Islamic State militants on Wednesday blew up the Grand al-Nuri Mosque of Mosul and its famous leaning minaret, Iraq’s military said in a statement, as Iraqi forces seeking to expel the group from the city closed in on the site.
It was from this medieval mosque three years ago that the militants’ leader Abu Bakr al-Baghdadi declared a self-styled “caliphate” spanning parts of Syria and Iraq.
“Blowing up the al-Hadba Minaret and the al-Nuri mosque amounts to an official acknowledgement of defeat,” Iraqi Prime Minister said in a brief comment on his website.
The Iraqis called the 150-foot (45-metre) leaning minaret Al-Hadba, or “the hunchback.” Baghdadi’s black flag had flown over it since June 2014.
While Islamic State accused American aircraft of destroying the mosque, a claim swiftly denied by the U.S.-led coalition fighting the militant group.
“We did not strike in that area,” coalition spokesman U.S. Air Force Colonel John Dorrian said.
“The responsibility of this devastation is laid firmly at the doorstep of ISIS,” U.S. Army Major General Joseph Martin, commander of the coalition’s ground component, said in a statement, using an acronym for Islamic State.
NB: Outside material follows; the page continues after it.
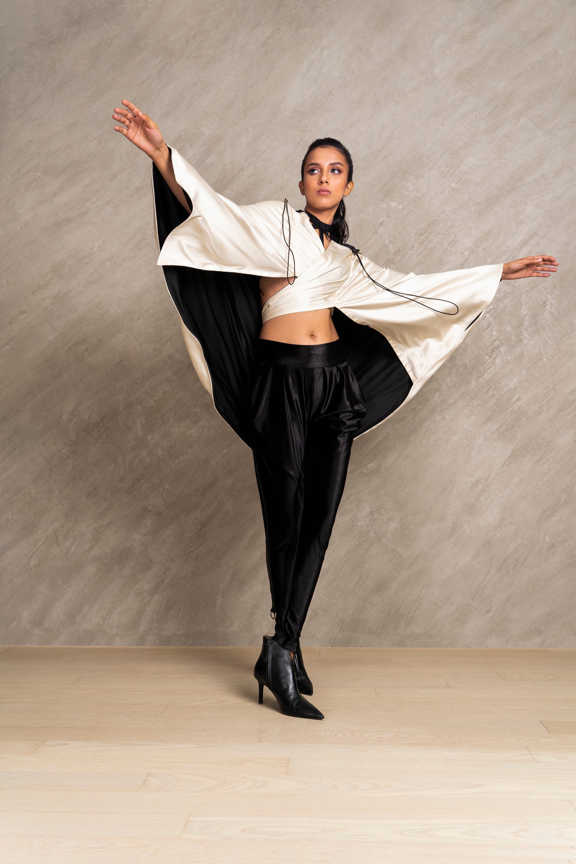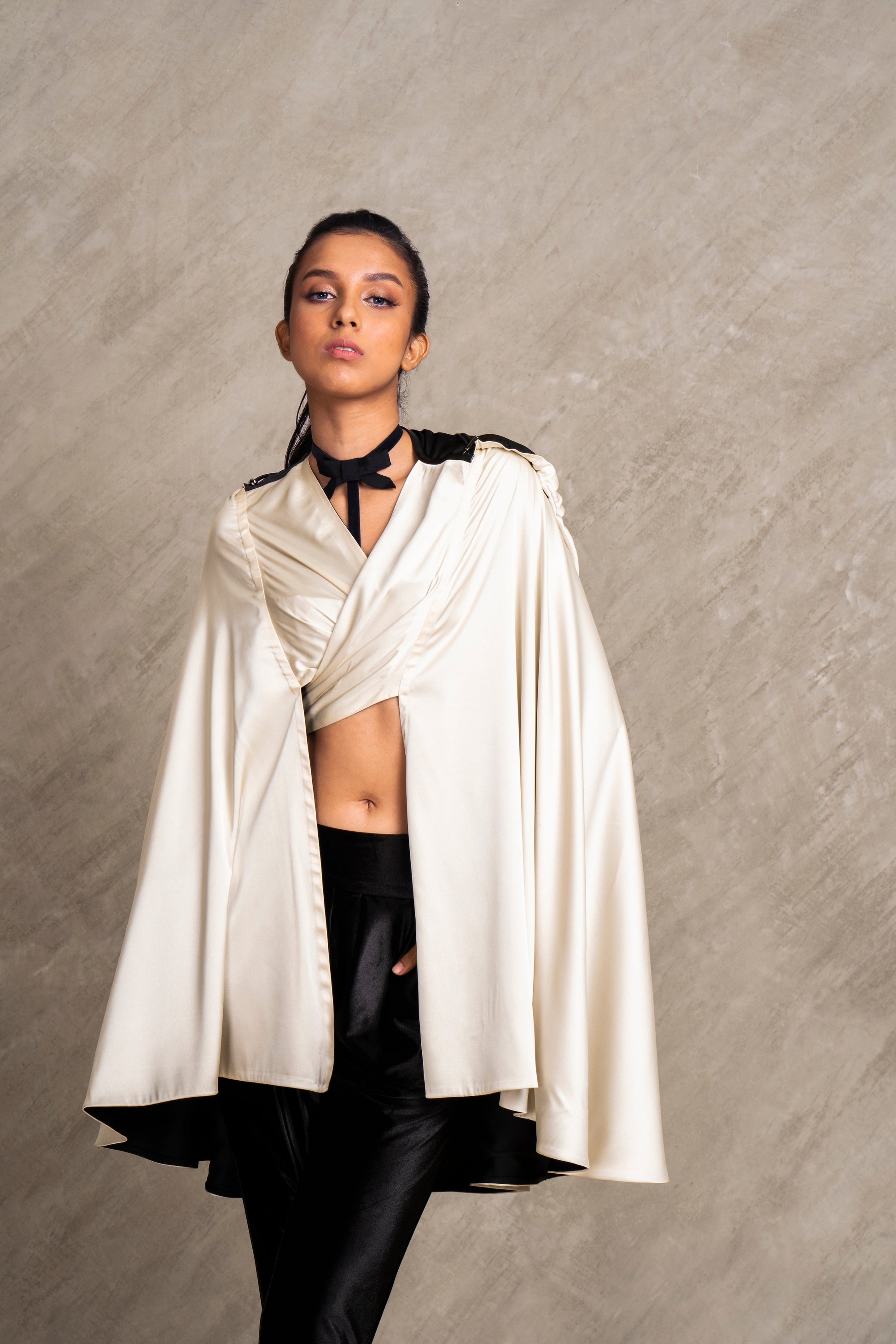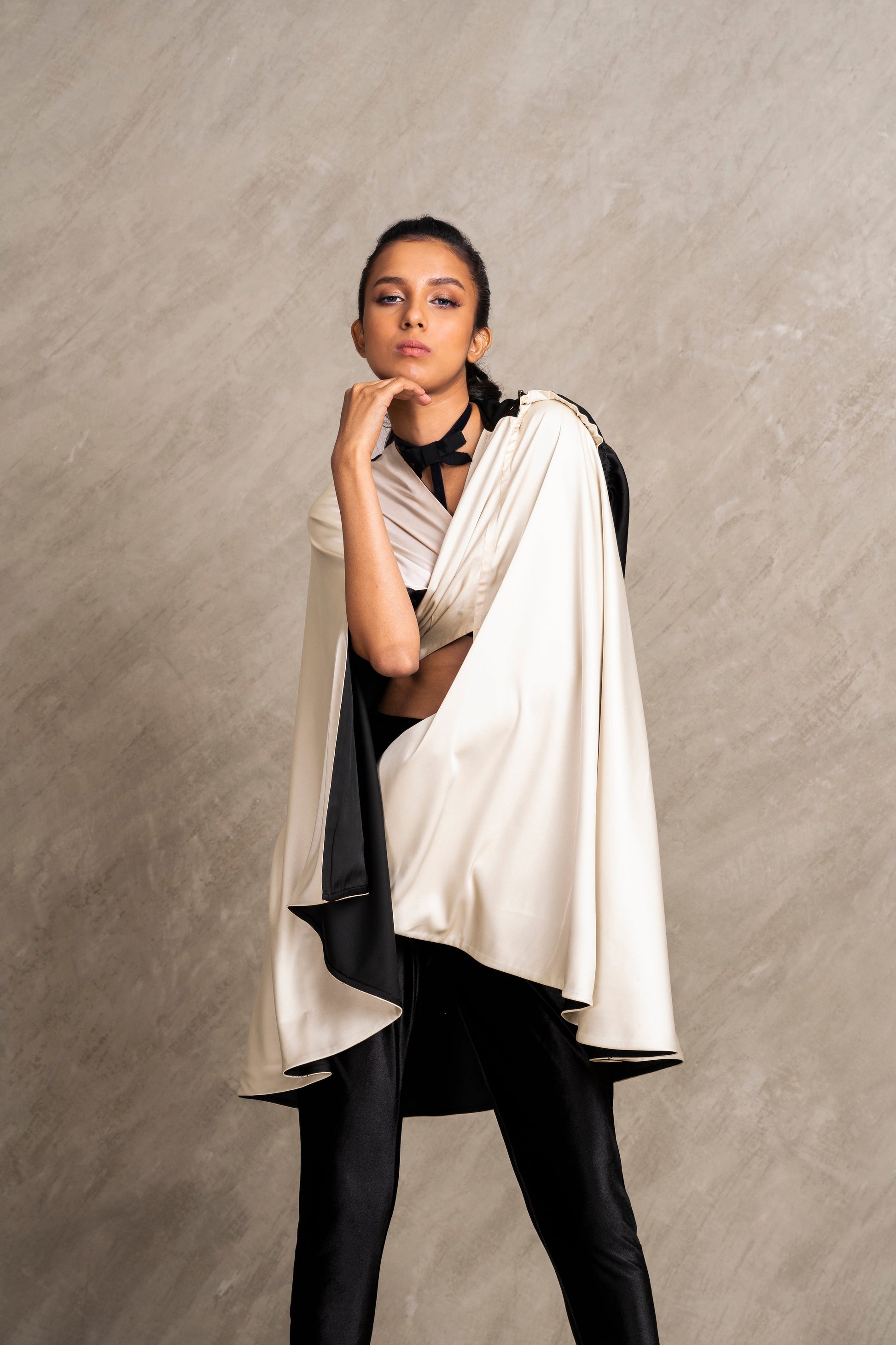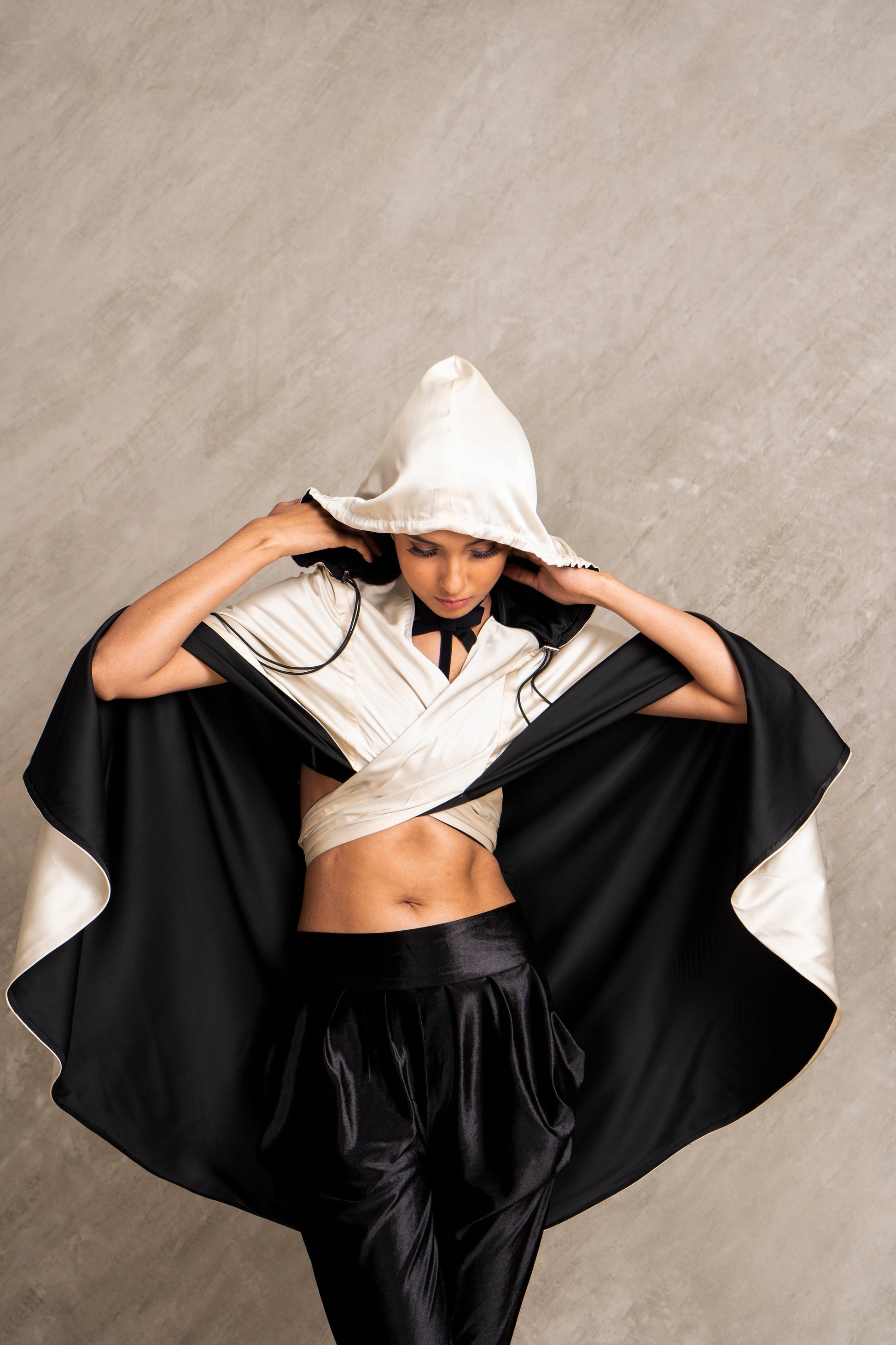 Glam up in our versatile cape with overlap pleated detail with metal loop fastener at the back to adjust to your bust size. The dual tone statement piece is lined with black satin and a hoodie with adjustable elastic string and fastener
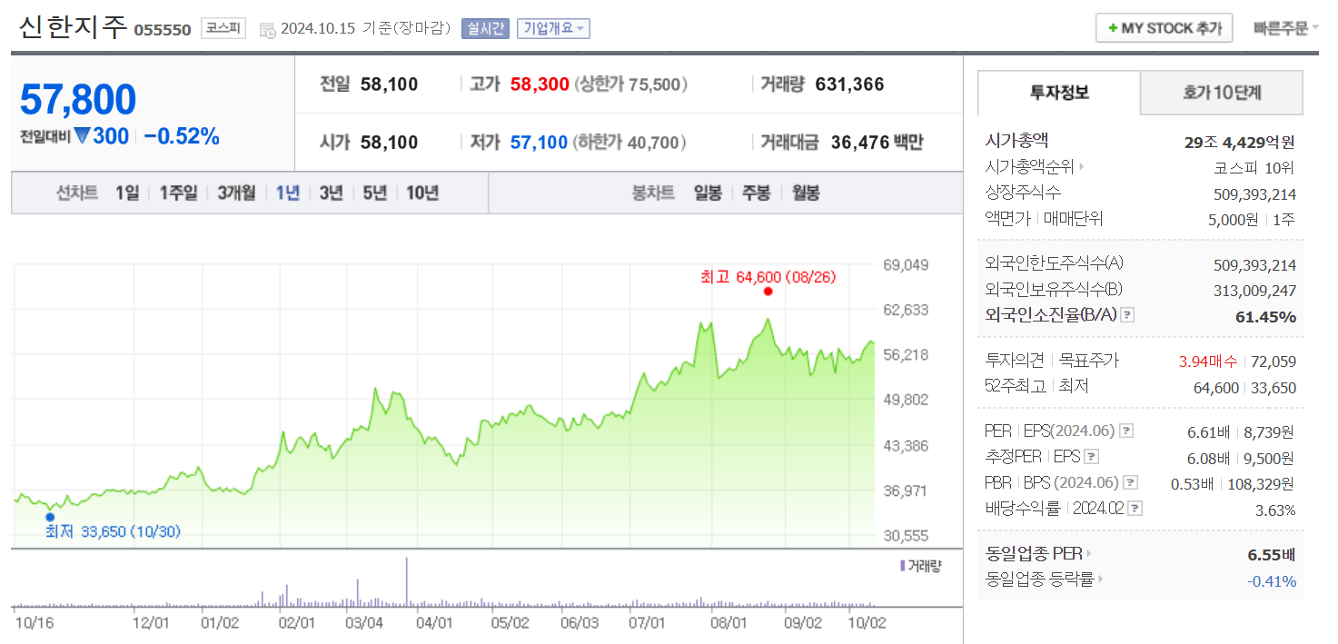 신한지주 주가 정보

The media office for Iraq’s military distributed a picture taken from the air that appeared to show the mosque and minaret largely flattened and reduced to rubble among the small houses of the Old City, the historic district where the militants are under siege.
A video seen on social media showed the minaret collapsing vertically in a belch of sand and dust, as a woman lamented in the background, “The minaret, the minaret, the minaret.”
The mosque was destroyed as Iraq’s elite c(CTS) units, which have been battling their way through Mosul’s Old City, got within 50 meters (164 feet) of it, according to an Iraqi military statement.